In this section, various numerical examples are presented to study the influence of different disturbances on the gravity gradient stability of a large rigid space structure and to verify the rationality of the dynamic model and gravity gradient stability criterion. For all the cases in this section, the body-fixed coordinate system coincides with the orbital coordinate system for the initial state without any disturbance. Therefore, the dynamic responses of the large space structure are presented in the orbital coordinate system.

4.1. A symmetrical Revolution Space Structure under Small Disturbance Angles

This subsection explores the gravity gradient stability of a symmetrical revolution space structure, that is,

J_{y y} = J_{z z} > J_{x x}

for the structure, under different small disturbance angles, as shown in Table 1 and Figure 4. For each case, three different initial small disturbance angles, that is, 0.01° in yaw, roll and pitch angles, respectively, are taken into account, as shown in Table 2.

Figure 5, Figure 6 and Figure 7 present the dynamic responses of the large space structure for each case under different small initial disturbance angles. As shown in Figure 5 and Figure 7, when the initial disturbance angles are small angles in either pitch or yaw angle, the displacement of node j in X, Y and Z directions and the variation of yaw, roll and pitch angles are almost invariant. When the initial disturbance angle is a small angle in roll angle, as shown in Figure 6, the yaw angle of these five cases has a certain change and the variation ranges of dynamic responses from case 1 to case 5 have an increasing trend. It can be concluded that for a symmetrical revolution space structure, when the initial disturbance angle is a small roll angle, the motion of space structure is easy to get unstable and initial configurations may easily affect the attitudes of the large space structure.
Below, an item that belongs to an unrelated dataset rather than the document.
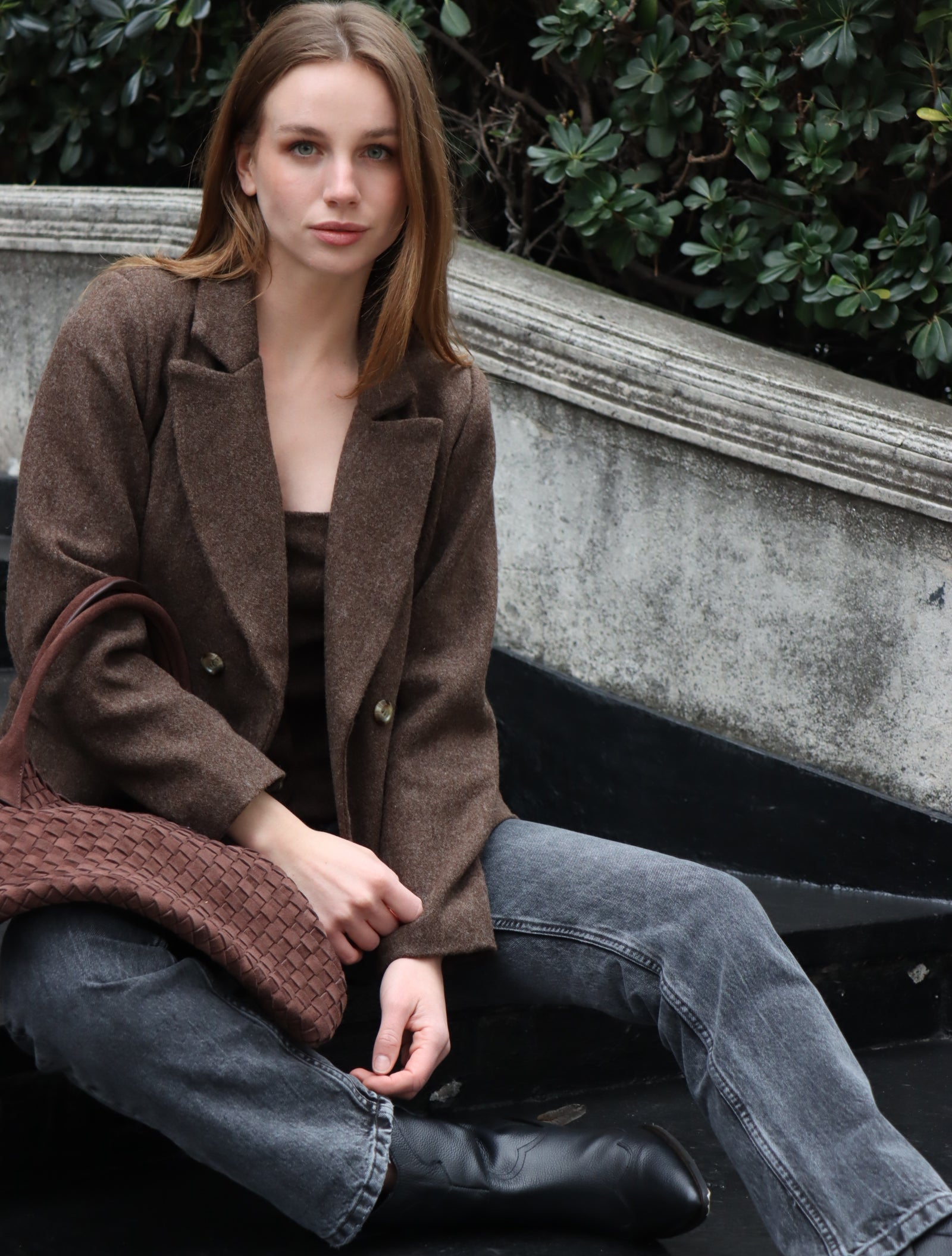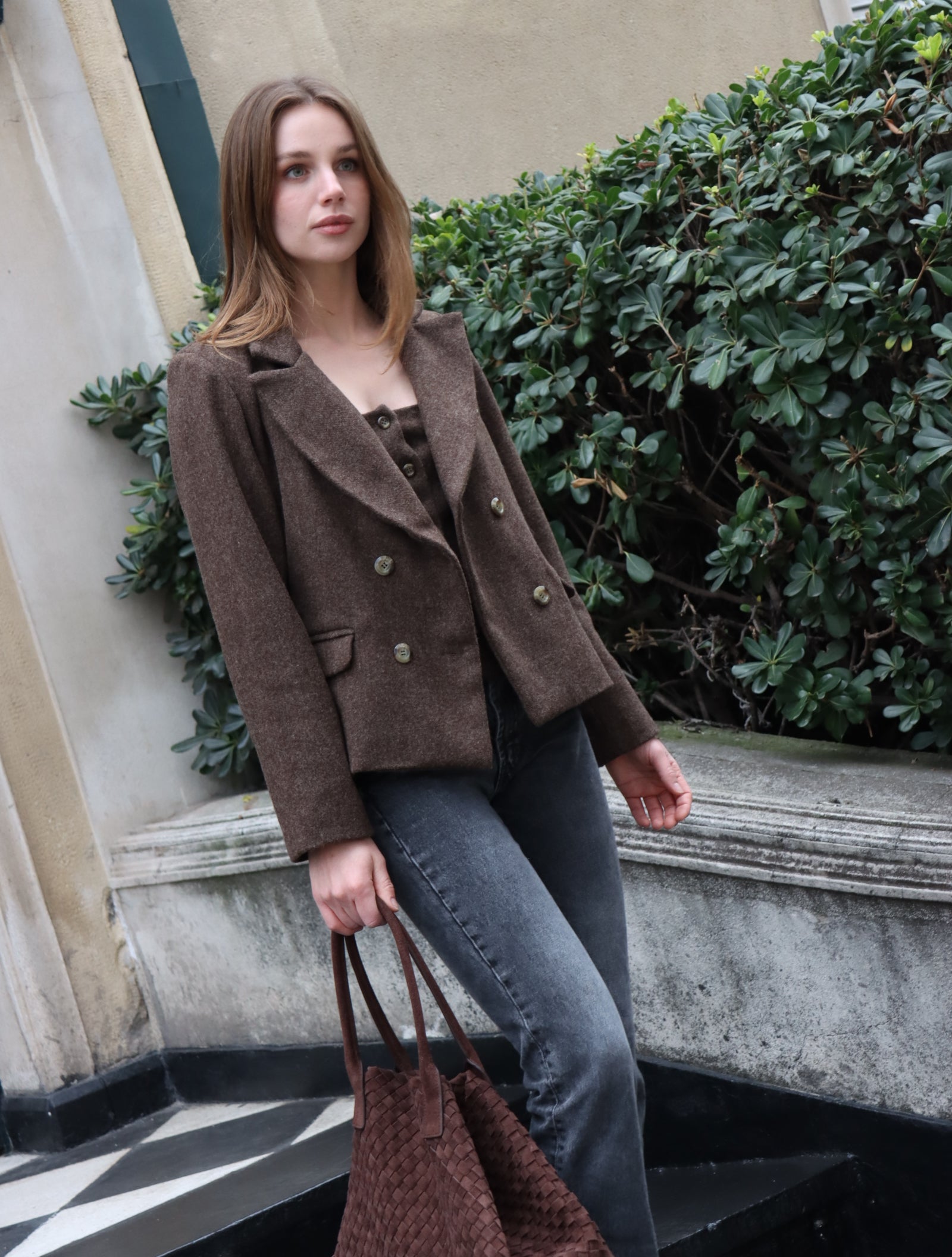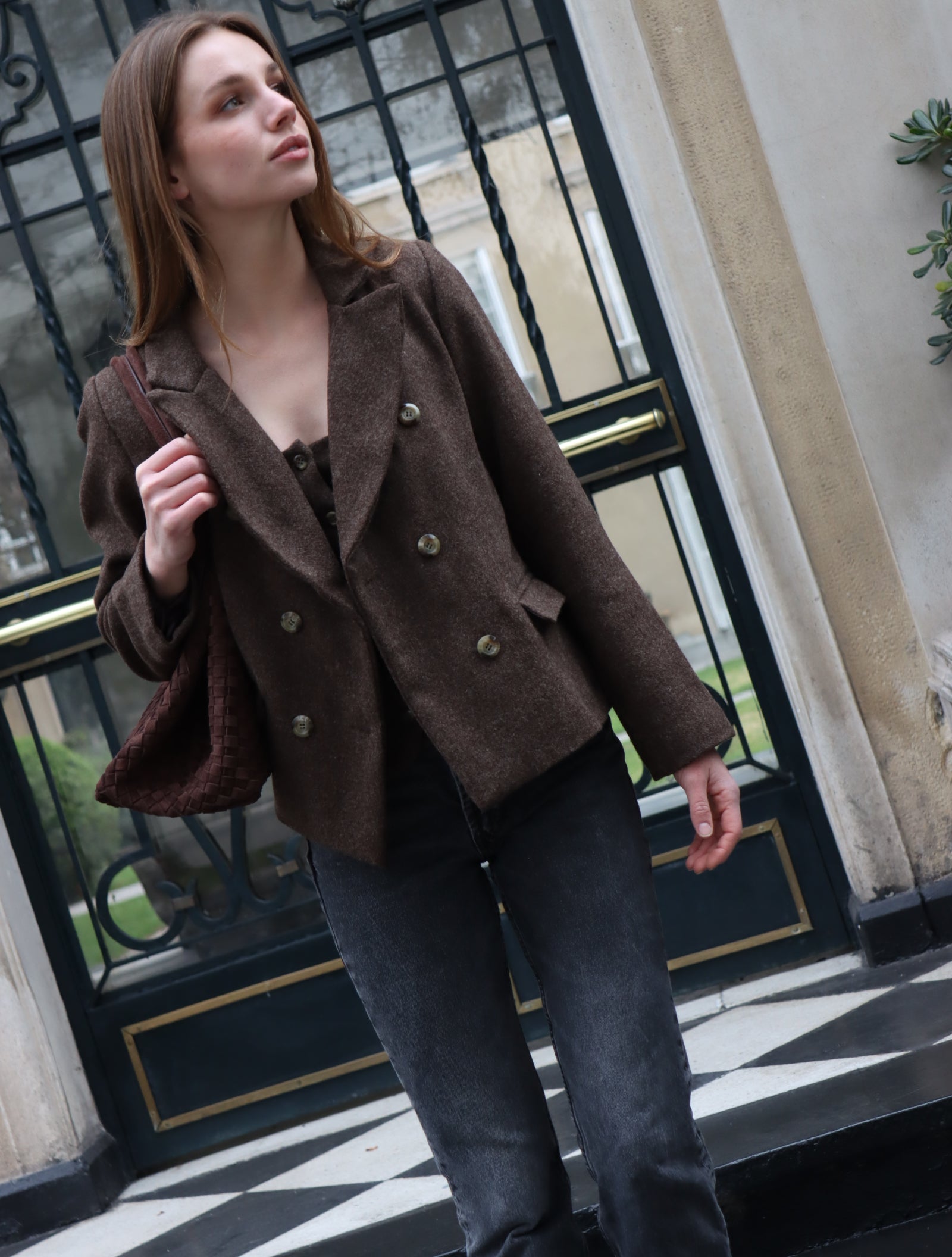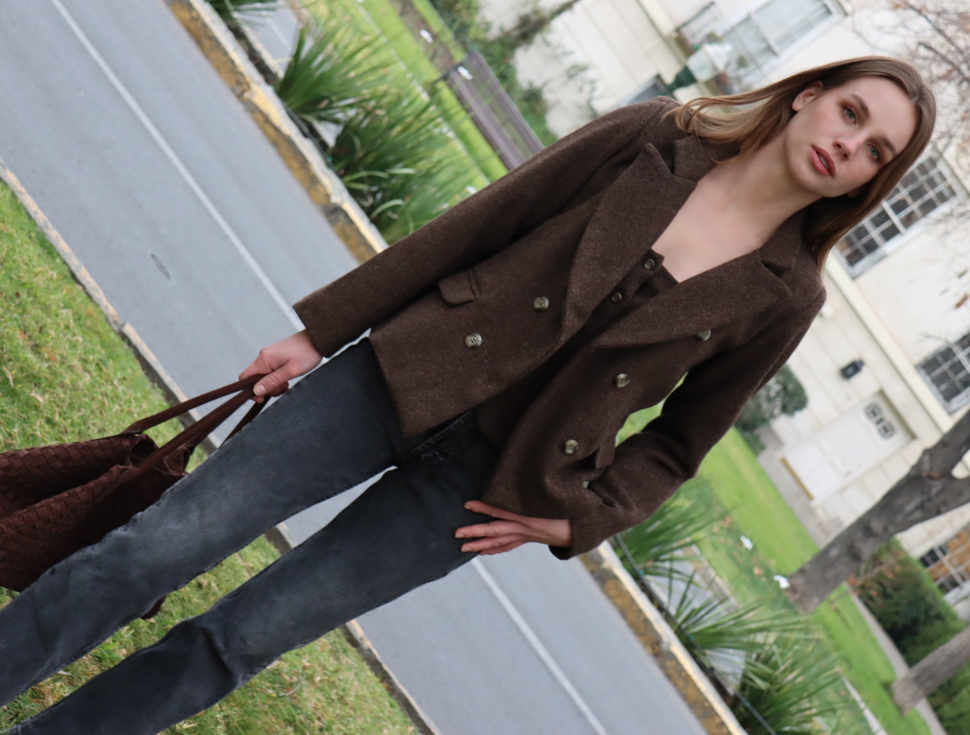 Blazer sastre 100% lana, con silueta ajustada, forrado interiormente, cruce de doble botón y hombreras estructuradas.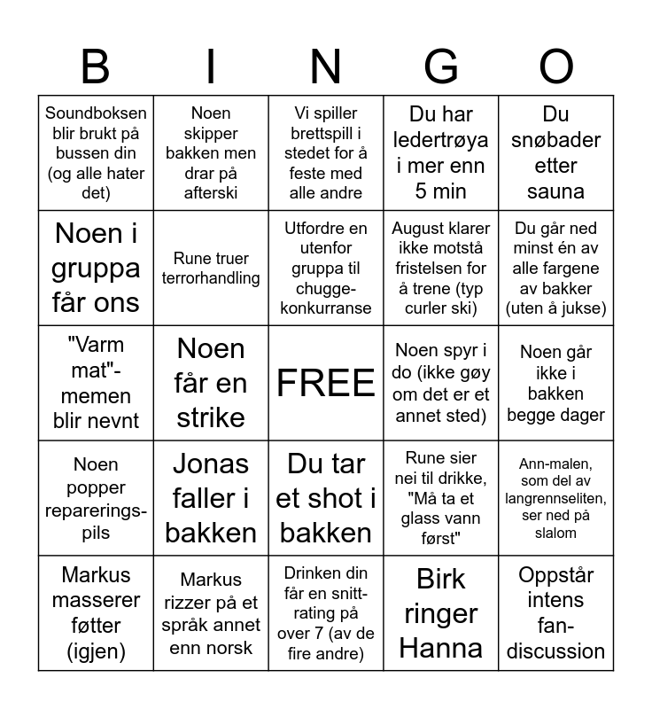This bingo card has a free space and 24 words: Jonas faller i bakken, Markus rizzer på et språk annet enn norsk, Utfordre en utenfor gruppa til chugge-konkurranse, Markus masserer føtter (igjen), Du snøbader etter sauna, Soundboksen blir brukt på bussen din (og alle hater det), Noen i gruppa får ons, Noen skipper bakken men drar på afterski, Noen spyr i do (ikke gøy om det er et annet sted), Du tar et shot i bakken, August klarer ikke motstå fristelsen for å trene (typ curler ski), "Varm mat"-memen blir nevnt, Rune sier nei til drikke, "Må ta et glass vann først", Ann-malen, som del av langrennseliten, ser ned på slalom, Rune truer terrorhandling, Birk ringer Hanna, Noen går ikke i bakken begge dager, Vi spiller brettspill i stedet for å feste med alle andre, Du går ned minst én av alle fargene av bakker (uten å jukse), Noen får en strike, Oppstår intens fan-discussion, Noen popper reparerings-pils, Du har ledertrøya i mer enn 5 min and Drinken din får en snitt-rating på over 7 (av de fire andre).

4.2. A symmetrical Revolution Space Structure under Large Disturbance Angles

This subsection explores the gravity gradient stability of a symmetrical revolution space structure under different large disturbance angels. The moments of inertia are the same as the ones in subsection 4.1. For each case, three different initial large disturbance angels, that is, 1° in Yaw, Roll and Pitch angles, respectively, are taken into account, as shown in Table 3.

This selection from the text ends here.